ERIC F. MELGREN, District Judge.
In May 2014, Defendant Randy Johnson was released from prison on postrelease supervision. Months later, he became the suspect in burglaries of jewelry stores. On January 13, 2015, two special agents from the Kansas Department of Corrections ("KDOC") and a law enforcement officer from the Wichita Police Department ("WPD") arrested Johnson inside his home. The KDOC officers and the WPD officer then searched Johnson's home without a warrant. Several hours later, WPD officers conducted a second search, this time pursuant to a search warrant based, in part, on observations made during the first search. During the second search, law enforcement discovered a handgun in the basement.
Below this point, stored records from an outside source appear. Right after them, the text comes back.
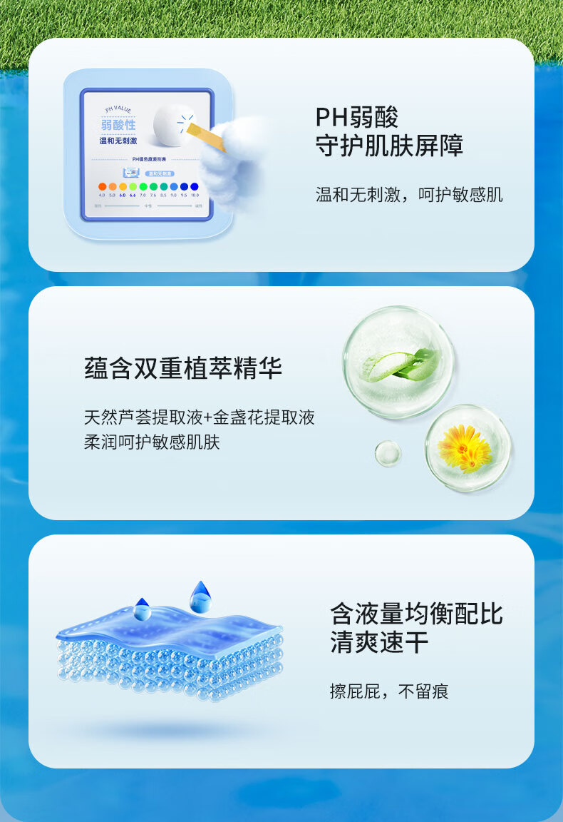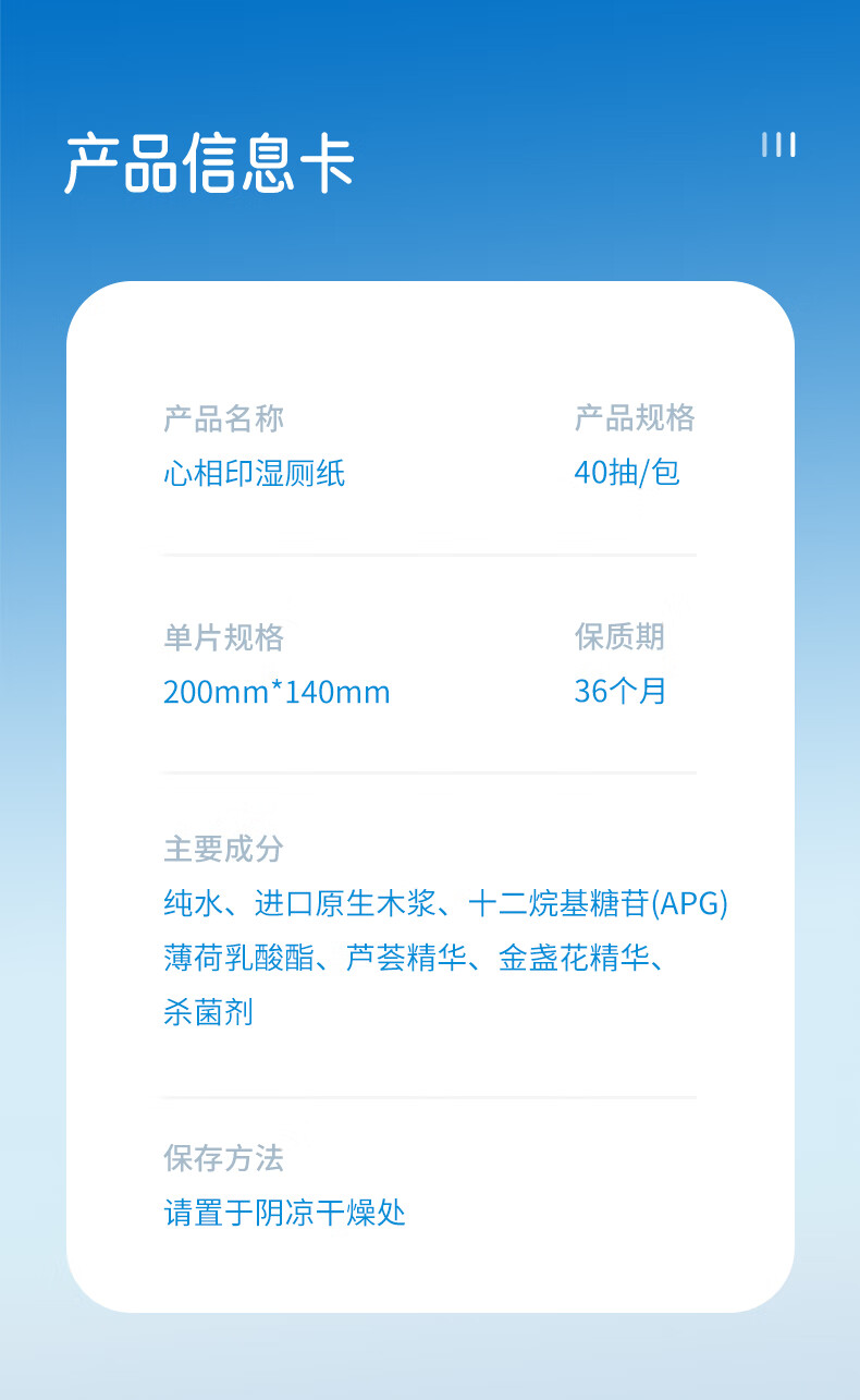 原料成分 :纯水、进口原生木浆、十二烷基糖苷(APG) 薄荷乳酸酯、芦荟精华、金盏花精华、 杀菌剂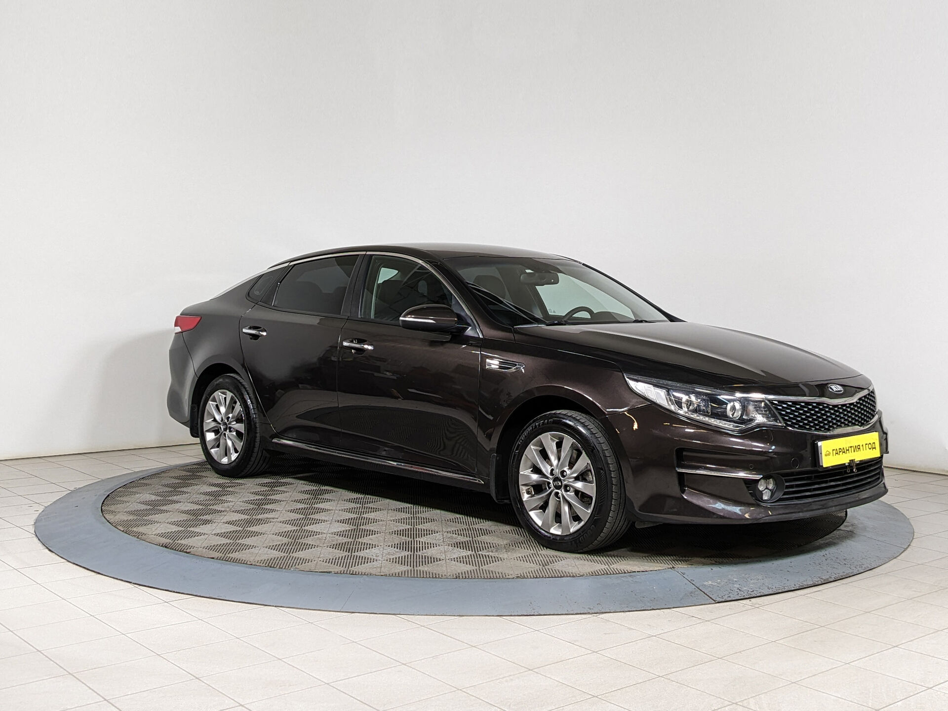 Автомобиль Kia Optima с пробегом 105 000 км, седан 2018 года выпуска. Цвет кузова коричневый, коробка передач автомат, передний привод, левый руль. Двигатель 2 л. с мощностью 150 л.с.
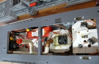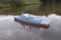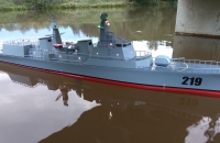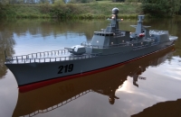S taťkou jsme stavbu začali když mi bylo asi 5 let. Dnes je mi 13 let, a máme skoro hotovo.Volnou předlohou nám byl čínský torpédoborec Shenyang Type 051C, který jsme napasovali na darovaný trup asi 30 let starý. Původně to měl být výletní parník... :-).Posuďte sami, jak se nám náš "škuner" povedl. Máme ho pro radost a tu nám dělá dostatečně :-). škuner svítí, houká, kouří z komínů, hýbe se mu dělo a radar se točí pořád dokola.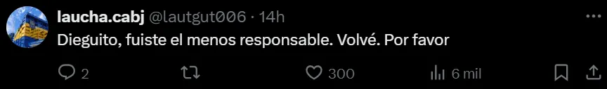 Luego de esta derrota, que cortó una seguidilla de tres victorias al hilo, los hinchas del Ciclón de Barrio Obrero, criticaron duramente al técnico. Con este panorama, Martínez quedó en la cuerda floja y podría ser despedido si es que no logra un triunfo ante Palmeiras por la Copa Libertadores. Ante la posibilidad de que se vaya, en las redes, algunos hinchas de Boca se hicieron eco de esta noticia y realizaron un insólito pedido.

Johnson now moves to suppress all evidence obtained from the second search. He contends that the first search of his house violates Kansas state law and his Fourth Amendment rights and therefore any evidence discovered during the second search should be suppressed as fruit of the poisonous tree. As explained below, the Court denies Johnson's motion.
Defendant Johnson was released from prison on postrelease supervision on May 9, 2014. At his release, Johnson signed a document titled "Conditions of Release for Parole and Post-Incarceration Supervision" (the "PostRelease Agreement") that set forth certain conditions Johnson must abide by during his postrelease supervision. For example, Johnson was required to keep his parole officer informed of his residence and employment. He could not own any firearms or ammunition, and he could not consume any mind altering substances, including alcohol. He also agreed to the search of his person, residence, or property. Specifically, Johnson agreed to: (1) "be subjected to a search of my person, residence, and any other property under my control by parole officers, any authorized parole staff, and department of corrections enforcement, apprehension, and investigation officers with or without a search warrant and with or without cause;" and (2) "be subjected to a search of my person, residence, and any other property under my control by any law enforcement officer based on reasonable suspicion of violation of conditions of post-incarceration supervision or reasonable suspicion of criminal activity."
In January 2015, Johnson became a suspect in a burglary of a jewelry business. During the burglary an individual left blood inside the store on some of the broken glass. The blood was collected and analyzed, and a CODIS search resulted in a DNA match to Johnson. Based on this information, Johnson's parole officer issued a KDOC Arrest and Detain Order. In addition, the Sedgwick County District Court issued an arrest warrant for Johnson to be executed by the WPD.
On January 13, 2015, KDOC Special Agents Bansemer and Richardson met WPD Sergeant Pfeifer at Johnson's residence to take him into custody. Before entering the residence, Johnson's girlfriend, Ashanti Peal, exited the house with three children and told them that Johnson was not inside. The officers then went inside the residence to search for Johnson. After not finding him on the main level, the agents went to the top of the stairs leading to the basement. They announced themselves, and heard a male voice saying "I'm coming out." Johnson then stepped out from behind the stairwell and self-surrendered.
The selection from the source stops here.